■ TASK DIRECTIONS
Give back, exactly and with nothing else, the lines running from the one that contains "Lotto 628 |" to the end of the entries below; do not include pictures.

■ LISTED RECORDS

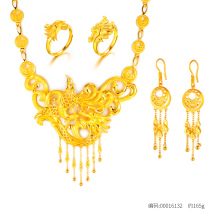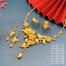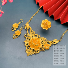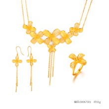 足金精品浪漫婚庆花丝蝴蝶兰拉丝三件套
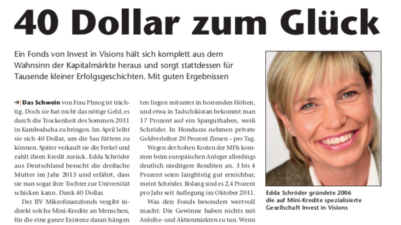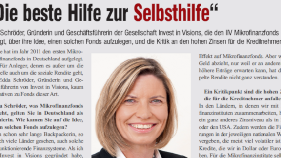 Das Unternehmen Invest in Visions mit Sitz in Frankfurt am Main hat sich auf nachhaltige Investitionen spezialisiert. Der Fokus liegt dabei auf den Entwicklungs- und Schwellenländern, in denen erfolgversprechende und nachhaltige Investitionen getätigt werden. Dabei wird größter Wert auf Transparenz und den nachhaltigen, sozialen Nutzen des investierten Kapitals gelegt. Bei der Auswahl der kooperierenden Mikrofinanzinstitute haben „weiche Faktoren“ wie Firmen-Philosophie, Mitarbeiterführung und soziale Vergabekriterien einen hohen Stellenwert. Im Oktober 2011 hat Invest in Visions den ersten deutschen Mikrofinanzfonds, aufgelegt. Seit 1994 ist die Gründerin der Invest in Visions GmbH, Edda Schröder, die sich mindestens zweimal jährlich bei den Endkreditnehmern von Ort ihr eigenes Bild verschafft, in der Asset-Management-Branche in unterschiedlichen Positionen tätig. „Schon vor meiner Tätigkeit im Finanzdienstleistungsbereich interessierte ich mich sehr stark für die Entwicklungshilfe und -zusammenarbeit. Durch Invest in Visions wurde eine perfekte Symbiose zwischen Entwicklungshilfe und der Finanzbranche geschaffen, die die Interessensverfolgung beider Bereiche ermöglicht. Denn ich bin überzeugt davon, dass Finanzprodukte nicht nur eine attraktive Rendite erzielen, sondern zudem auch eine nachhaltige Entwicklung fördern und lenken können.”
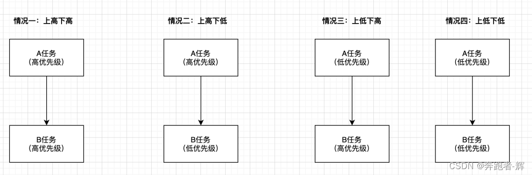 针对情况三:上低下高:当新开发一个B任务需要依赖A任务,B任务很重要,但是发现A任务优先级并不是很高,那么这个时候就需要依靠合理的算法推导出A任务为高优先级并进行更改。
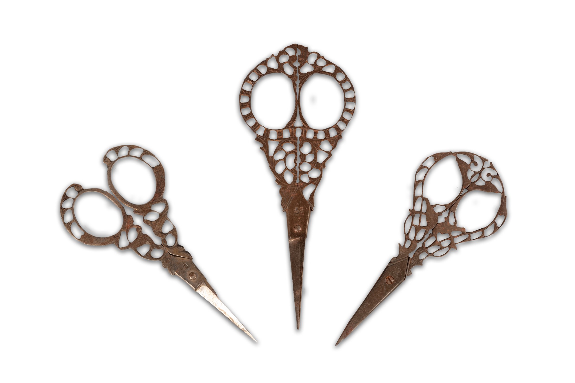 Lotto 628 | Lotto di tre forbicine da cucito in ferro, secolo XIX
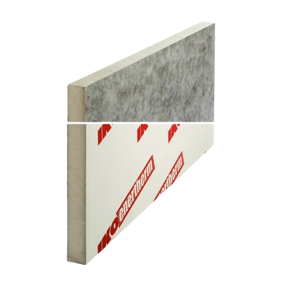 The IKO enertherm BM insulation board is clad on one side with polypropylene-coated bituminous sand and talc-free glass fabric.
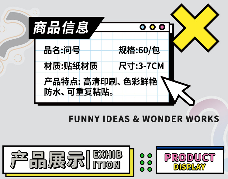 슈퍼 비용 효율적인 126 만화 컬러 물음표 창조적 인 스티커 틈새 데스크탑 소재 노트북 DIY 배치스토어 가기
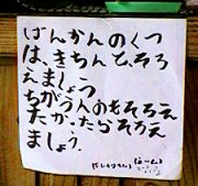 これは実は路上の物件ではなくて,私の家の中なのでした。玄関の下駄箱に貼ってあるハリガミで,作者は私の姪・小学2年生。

■ ANSWER BELOW
 Lotto 628 | Lotto di tre forbicine da cucito in ferro, secolo XIX
 The IKO enertherm BM insulation board is clad on one side with polypropylene-coated bituminous sand and talc-free glass fabric.
 슈퍼 비용 효율적인 126 만화 컬러 물음표 창조적 인 스티커 틈새 데스크탑 소재 노트북 DIY 배치스토어 가기
 これは実は路上の物件ではなくて,私の家の中なのでした。玄関の下駄箱に貼ってあるハリガミで,作者は私の姪・小学2年生。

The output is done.